Can Yiadom Still Be An 'Andy Option For Reading?
Today at 04:29 AM
After a long lay-off due to injury, it's difficult to know how big a role Andy Yiadom will play for Reading this season.
How many of you forgot about Andy Yiadom at some stage this season? I know I certainly had gotten used to him not being in the first-team picture due to injury.
This has partly been because of the emergence of the likes of Michael Craig as a good right-back option and Ashqar Ahmed as another possible star being rolled out of the academy conveyor belt of talent.
Not just this, but even last season with Yiadom's injury worries we saw Kelvin Abrefa start to make a breakthrough into the first-team picture (another one we haven't had much chance to see this season) and Clinton Mola cover that right-back spot.
The consistency the team have developed since November/December 2023 has driven us upwards and we are now a team challenging in the play-offs. Things are going (touch wood) relatively well on the pitch, despite the loss of Ruben Selles. As such, there hasn't been such a demand for our longest-serving player and club captain.
It's worth taking a moment just to reflect on how long Yiadom has been a part of this parish. Having joined in 2018, he has worked with eight permanent managers and a few caretakers, while 32* academy players have made their first-team debuts in his tenure, 38* permanent transfers have joined the club and 61* players have left permanently.
Yiadom has been part of all three of Mark Bowen's non-playing spells with the club, he has seen Reading move training grounds and rename its stadium, and is the only player who was in the first team when the club wasn't sponsored by Select Car Leasing.
*All numbers are rough estimates, not exact counts. Essentially, the point being made is A LOT.
Even the shirt manufacturer was Puma when he arrived. Yakou Méïté was our top goalscorer in his first season, with 12 goals. Liam Moore was the captain. The turnovers and the changes have been astonishing. This is a very, very different club now to when he arrived.
However, despite all these changes to the club, Yiadom over the last six years - six years which we all know have been among some of the most challenging in the history of the club - has been an ever-present and loyal servant.
He is now at a crossroads. Is there a place for him in this team or have others usurped him? Can we afford his wages any more, as a senior player who last signed a contract when we were still a Championship side? Is he still able to maintain fitness for enough of a season to make an impact on the pitch? Is he still able to play the style of attacking football we have seen coached over the last two seasons?

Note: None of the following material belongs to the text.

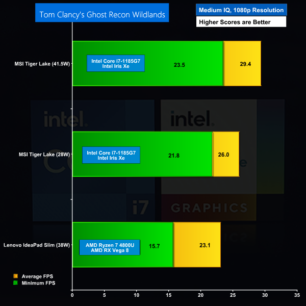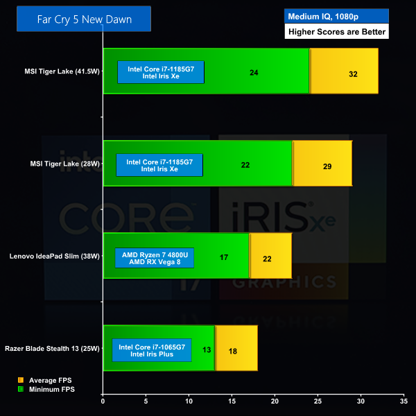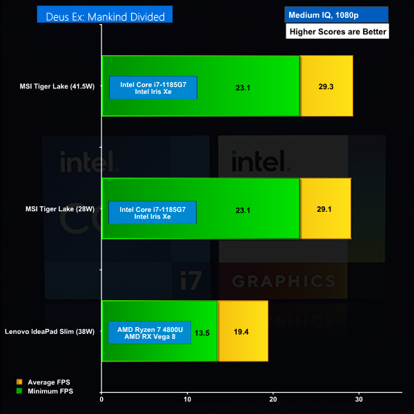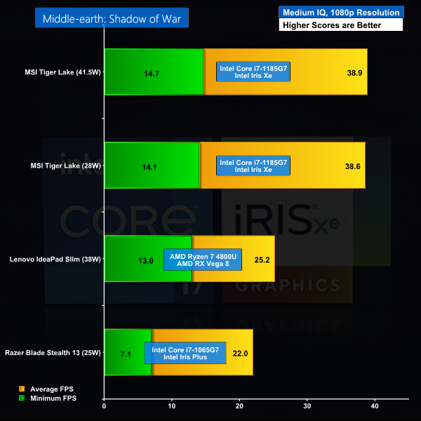 And then we have charts for four games in quick succession, all using 1,920×1,080 resolution and Medium Image Quality. The takeaway is clear as Tiger Lake can play these at 30fps or slightly higher while Ryzen 7 tends to be closer to 20fps. It is safe to say that Tiger Lake should be able to deliver a pleasant gaming experience at 1080p on battery, and while that is impressive it is also a reasonable expectation that GeForce MX450 will perform even better.

His leadership has never been, and will never be, in question. But he has slowly slipped away into the backs of our minds of late and this presents an opportunity in the new year when he returns.
The leadership vacancy has been taken with aplomb by Lewis Wing, who has captained the majority of the side's games this season, but possibly Yiadom coming back to the side will help a young defence.
Possibly having that experience will help support the club as we reach another potential fire sale in January. Perhaps Wing will be poached and Yiadom will reclaim the captaincy.
It is not clear how long Yiadom will have left with us, but he still has a huge role to play for us in the second half of the season, as soon as we can see him return to fitness. Whether it is as a leader, a squad player or a first-choice starter, a standards bearer, Hunt's go-to guy, someone to offer an arm around the shoulder or a word in the ear of a youngster. Perhaps a combination of all of these things.
It would be a classic Yiadom act of his selfless nature to give his everything to this side and help support the club to keep the ship steady before departing in the summer. We still need our captain - he still has a job to do for us.